WHAT IS EXPECTED
Return only the lines from the one that contains "Why This Magical" through the last line of the records below, exactly as they stand. Pictures are not part of the copy.

Dataset records:
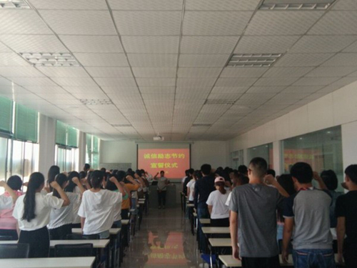 5月18日组织本系2016年国家助学贷款学生150余人在居正楼举办“诚信励志节约”宣誓仪式,教育受资助学生树立勤俭节约意识,强化节约光荣、浪费可耻的观念。5月22日在明德楼悬挂印有“厚德能载物 诚信赢天下”等相关内容的条幅,在全系进行宣传,形成良好氛围。5月22日晚自习组织各班召开主题班会,班长为同学们展示了相关ppt,并向同学们阐述了诚实守信,勤俭节约的重要性,随后同学们展开积极讨论,并通过个人演讲,发言互动的方式来表达自己对勤俭和诚信的思考和心得。最后班长向全体同学发出倡议,从自身做起,从生活点滴做起,诚实守信,勤俭节约。
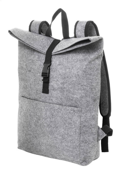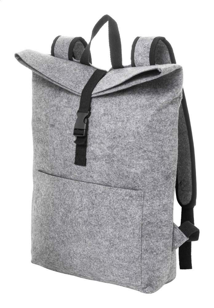 Rolltop-Rucksack aus RPET Filz mit Schnallenverschluss am Hauptfach, Reißverschluss-Fronttasche, Laptopfach (15") und gepolsterten Schultergurten. Mit RPET-Label.
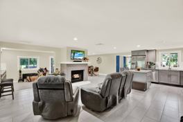 Inside, you'll find a beautifully maintained interior featuring tile floors, granite countertops throughout, stainless steel appliances, and an eat-in kitchen island with extra cabinets and a pantry. The living room offers added charm with built-in cabinets and a cozy fireplace, perfect for relaxing during the cooler months. Hurricane-rated double-pane windows throughout provide both peace of mind and energy efficiency.
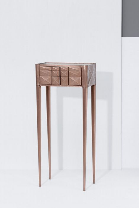Небольшой шкаф с выдвижными ящиками, сделанный из медной фольги. Дизайнер — David Derksen, фотографии — Vincent van Gurp, проект — Koperen Kabinet / Copper Cabinet.
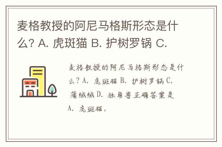 麦格教授的阿尼马格斯形态是什么? A. 虎斑猫 B. 护树罗锅 C. 蒲绒绒 D. 独角兽
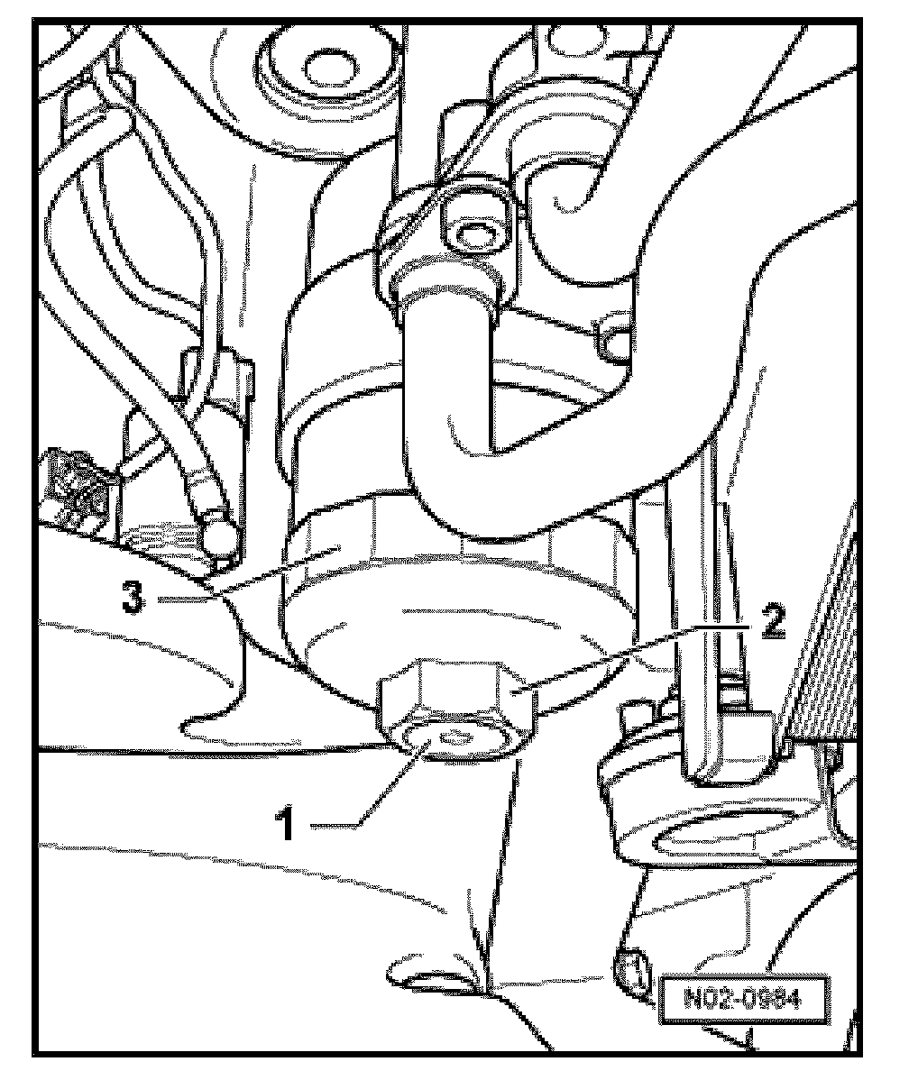 The Oil filter for 8-cyl Gasoline engines is located between the engine block and side rail -arrow-; visable after removal of air cleaner
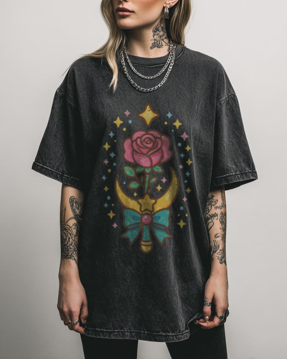 Why This Magical Rose Wand T-Shirt is a Sailor Moon Fan’s Dream? Channel your inner magical girl with this enchanting Magical Rose Wand T-Shirt, a fan-inspired design with a Kawaii Moon Scepter aesthetic reminiscent of Sailor Moon. This black acidwash graphic tee features a delightful enchanted rose and sparkles, perfect for fans of cute anime…
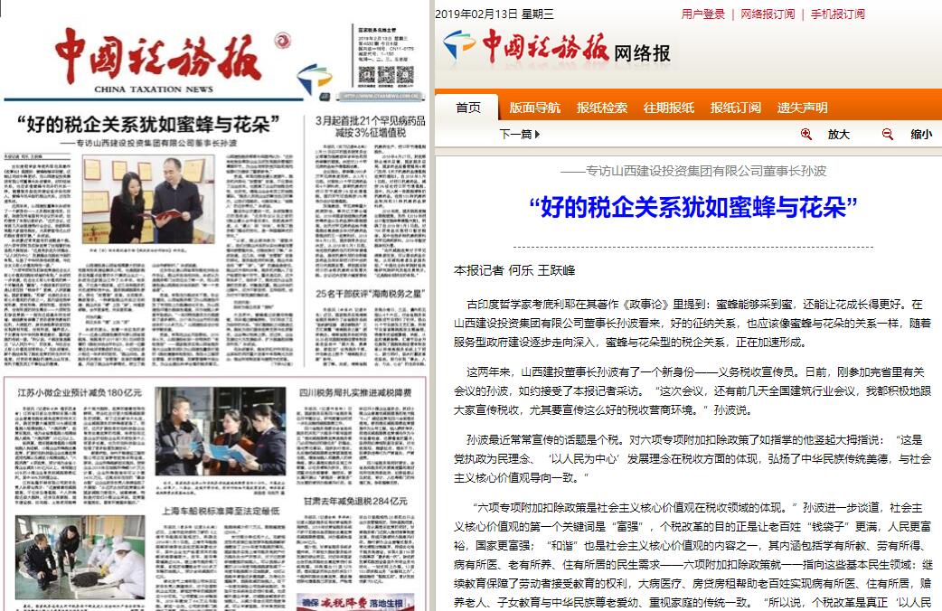 这两年来,山西建投董事长孙波有了一个新身份——义务税收宣传员。日前,刚加入完省里有关集会的孙波,如约接受了本报记者采访。“这次集会,另有前几天全国建筑行业集会,我都积极地跟各人宣传税收,尤其要宣传这么好的税收营商情况。”孙波说。

WRITTEN RESPONSE
 Why This Magical Rose Wand T-Shirt is a Sailor Moon Fan’s Dream? Channel your inner magical girl with this enchanting Magical Rose Wand T-Shirt, a fan-inspired design with a Kawaii Moon Scepter aesthetic reminiscent of Sailor Moon. This black acidwash graphic tee features a delightful enchanted rose and sparkles, perfect for fans of cute anime…
 这两年来,山西建投董事长孙波有了一个新身份——义务税收宣传员。日前,刚加入完省里有关集会的孙波,如约接受了本报记者采访。“这次集会,另有前几天全国建筑行业集会,我都积极地跟各人宣传税收,尤其要宣传这么好的税收营商情况。”孙波说。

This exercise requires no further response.